[What the task asks]
Beginning at the line containing "2019年5月29日晚6点,爱爱啦 研究", repeat each line below exactly up to and including the line containing "Khủng hoảng lương". Do not repeat the pictures.

START Available data

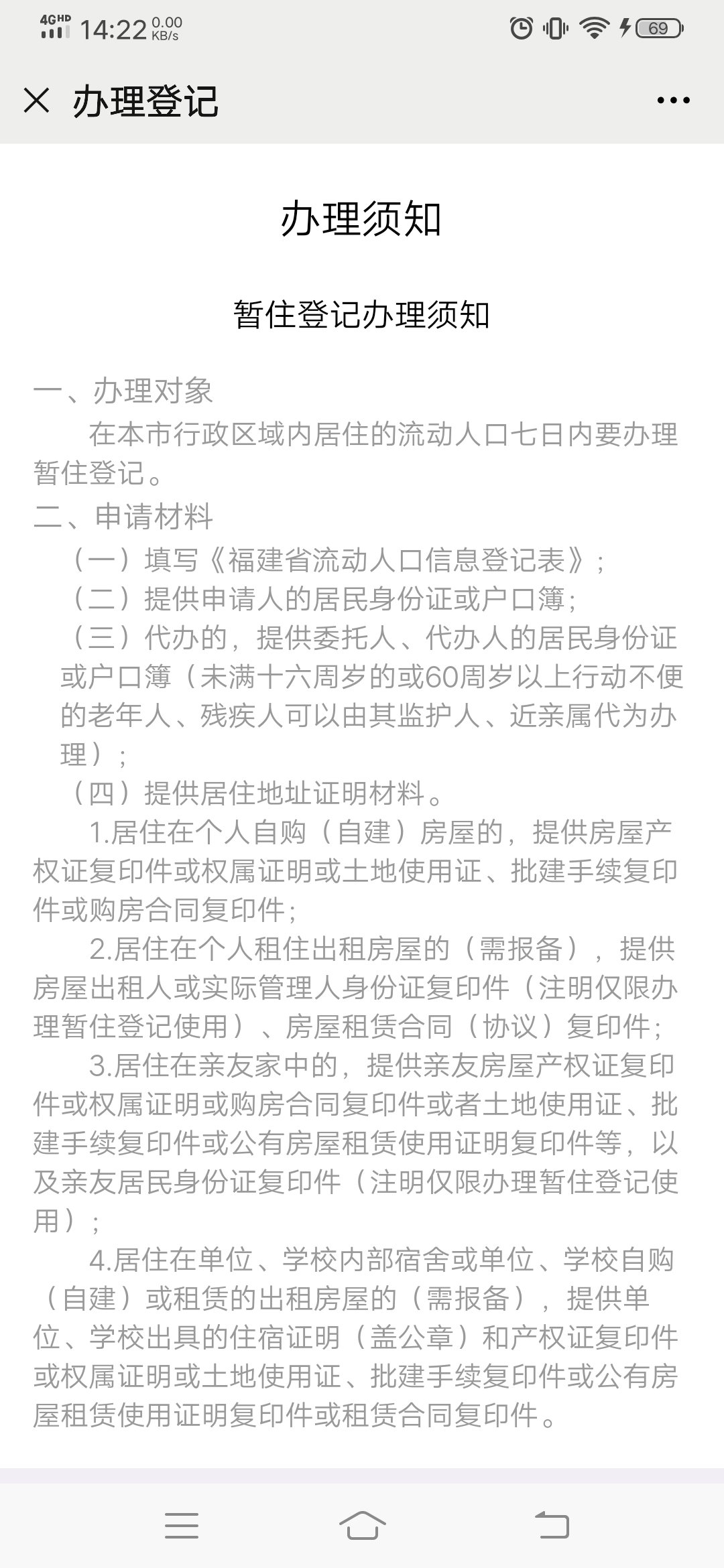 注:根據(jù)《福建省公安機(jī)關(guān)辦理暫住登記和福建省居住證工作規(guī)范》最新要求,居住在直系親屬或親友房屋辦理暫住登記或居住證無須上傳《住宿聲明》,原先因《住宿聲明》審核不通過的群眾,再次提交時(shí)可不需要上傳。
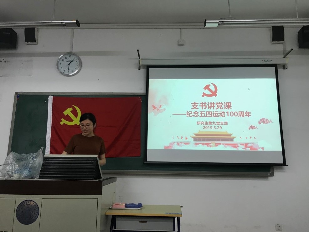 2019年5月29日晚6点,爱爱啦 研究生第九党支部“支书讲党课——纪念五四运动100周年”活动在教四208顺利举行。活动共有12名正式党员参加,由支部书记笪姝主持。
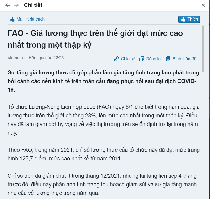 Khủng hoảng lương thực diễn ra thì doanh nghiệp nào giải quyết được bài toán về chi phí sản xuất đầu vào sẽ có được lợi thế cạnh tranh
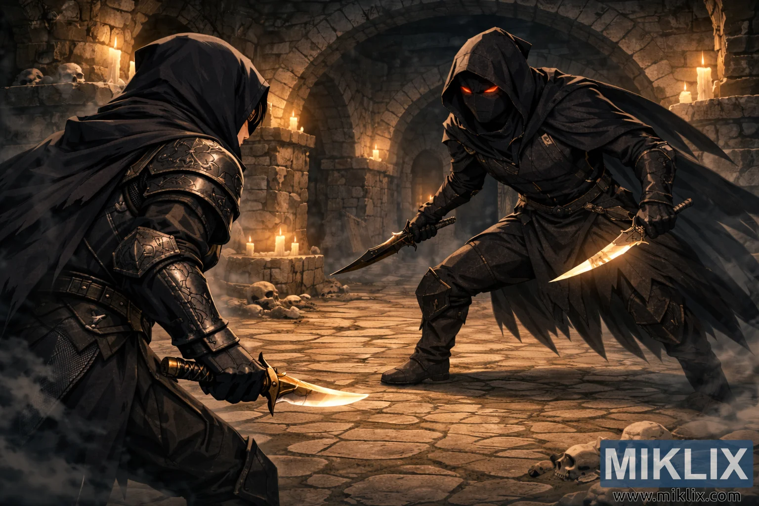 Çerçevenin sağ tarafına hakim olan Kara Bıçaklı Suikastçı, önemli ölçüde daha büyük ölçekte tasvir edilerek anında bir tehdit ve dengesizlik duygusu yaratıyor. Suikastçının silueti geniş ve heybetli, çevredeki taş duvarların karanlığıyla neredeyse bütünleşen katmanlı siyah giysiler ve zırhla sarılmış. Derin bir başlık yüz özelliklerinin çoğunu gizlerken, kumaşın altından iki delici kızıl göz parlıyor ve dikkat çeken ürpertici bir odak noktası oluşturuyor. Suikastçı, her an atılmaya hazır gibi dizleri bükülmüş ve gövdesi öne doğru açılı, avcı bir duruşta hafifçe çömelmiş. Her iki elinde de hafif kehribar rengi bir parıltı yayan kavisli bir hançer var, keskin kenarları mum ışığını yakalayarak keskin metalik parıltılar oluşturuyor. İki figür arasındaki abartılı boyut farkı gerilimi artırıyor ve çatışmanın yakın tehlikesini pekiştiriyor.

END Available data

[Task response]
 2019年5月29日晚6点,爱爱啦 研究生第九党支部“支书讲党课——纪念五四运动100周年”活动在教四208顺利举行。活动共有12名正式党员参加,由支部书记笪姝主持。
 Khủng hoảng lương thực diễn ra thì doanh nghiệp nào giải quyết được bài toán về chi phí sản xuất đầu vào sẽ có được lợi thế cạnh tranh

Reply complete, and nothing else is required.